In true hard-boiled tradition, however, he can’t turn down the money in the first case, and the favor in the second. More complex than they seem, of course, the two cases send him across (and under) the urban landscape looking for some resolution, of the cases and his life.

Abandoned by a black Marxist father, orphaned by a heart-broken mother, and brought up in the streets, McGill now tries to save the world without losing his soul. Once upon a time, he was a “predator, who “…stalked people’s souls, took from them their most precious possessions, their secrets.” As he threads his rehabilitated way through Mosley’s plotline, he provides a unique perspective on reaches of society the reader rarely encounters, from the ridiculously rich husband who builds a bungalow on top of a skyscraper, to the beat-down prostitute he offers to save from her pimp. While McGill searches for the woman his client says she is, and the man the crime boss wants, he engages with a wide range of unseen New York: pool with the richest pool hall owner in the city, conversation with the cop who wants to take him down, dinner with a retired assassin and his family, and love with the woman his client said she was.
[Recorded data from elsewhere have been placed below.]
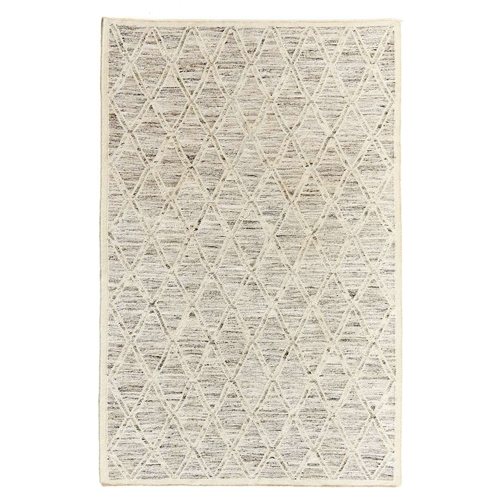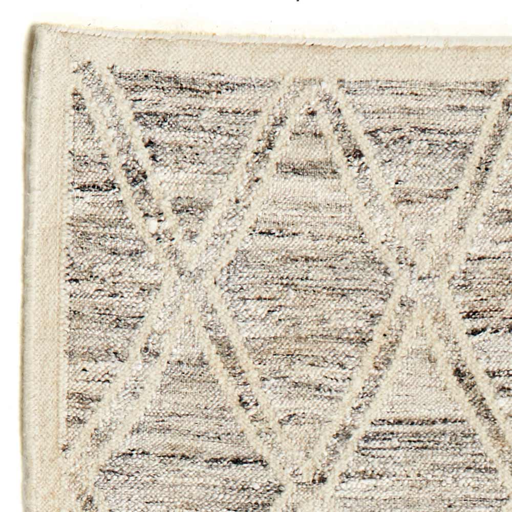 Nowoczesny dywan z wełny i bawełny z geometrycznym wzorem.
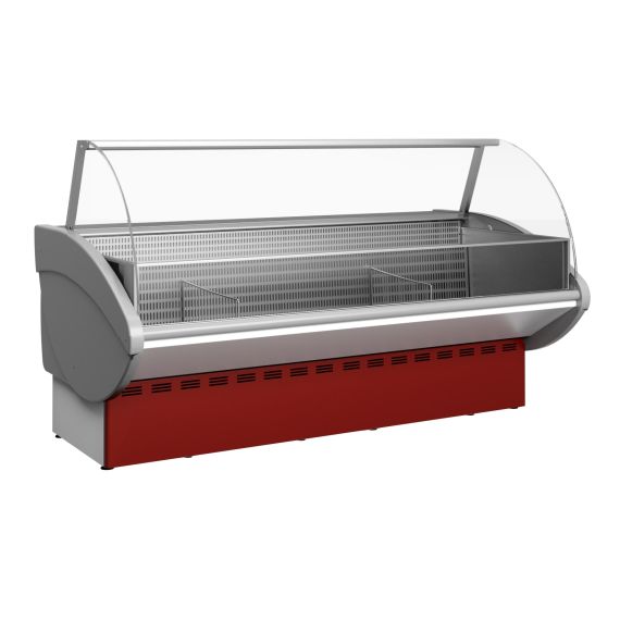 2100х1100х1230, t режим -18 C. Витрина холодильная, (-18C),со встроенным агрегатом, гнутое стекло, 1 стеклянная полка, полезный объем — 0,22м3,охлаждаемая площадь поддонов для выкладки продуктов, 1,58 м2, статическое охлаждение, раздвижные задние шторки, оттайка ТЭН, потр. эл.энергии в сутки —20, 5кВт, 230кг, цвет корпуса — серый, экспозиционные поверхности — отделка под серебро, 30Вт, 220В, щиток в комплект не входит.
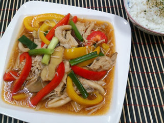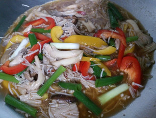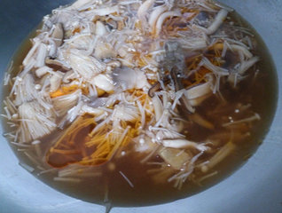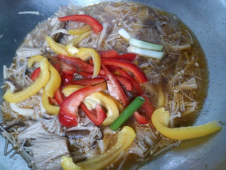 主料:袖珍菇一包,金针菇两包,红黄椒各半颗,干香菇两朵,姜片五片,青葱两支
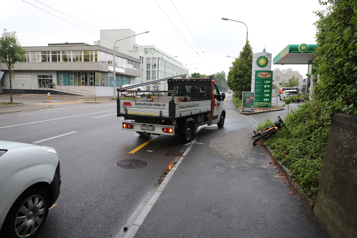 Am Dienstag (31.08.2021) kam es an der Rorschacher Strasse zu einer Kollision zwischen einem Lieferwagen und einem Mann auf einem E-Bike. Der E-Bike-Fahrer stürzte dabei und verletzte sich leicht. Es entstand Sachschaden an beiden Fahrzeugen.
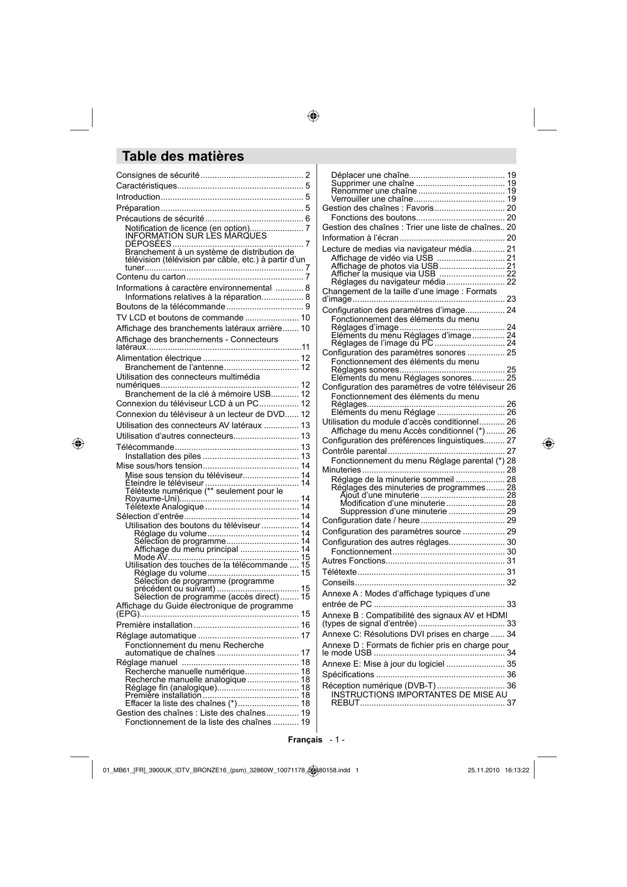 - Si celui-ci ne démarre pas après 10 minutes, débranchez-le, patientez 10 autres minutes, puis branches à nouveau. Il devrait s’ouvrir en toute sécurité, doté d’un nouveau logiciel. Si le téléviseur ne se remet toujours pas en marche, veuillez encore débrancher et brancher un certain nombre de fois encore. Si votre appareil ne parvient toujours pas à fonctionner, veuillez contacter le service d’assistance à la clientèle pour obtenir de l’aide. Attention : Évitez de débrancher le téléviseur lorsque le voyant DEL clignote pendant le redémarrage. Si vous le faites, votre téléviseur peut ne plus fonctionner correctement et vous aurez à le confier à un technicien agréé uniquement. Français - 35 - 01_MB61_[FR]_3900UK_IDTV_BRONZE16_(psm)_32860W_10071178_50180158.indd 35

All along the way, he drops observations that are part of the reason Mosley is the best African- American novelist writing today:  “One day it came to me that the isolation and alienation of rush hour is like so many marriages I’ve investigated — a lifetime spent together in the same bed and still managing to keep separate and remote”; and “Blood may be thicker than water, but family has them both beat.”

As McGill works his way to a resolution, he encounters a dead body, hired killers, a hot limousine driver, a cult, and a little peace of mind about his father. Some of his problems are resolved at the book’s conclusion, and some take a surprising turn. Only a couple of things are certain at the end of the book — he found the killer, and he will be back.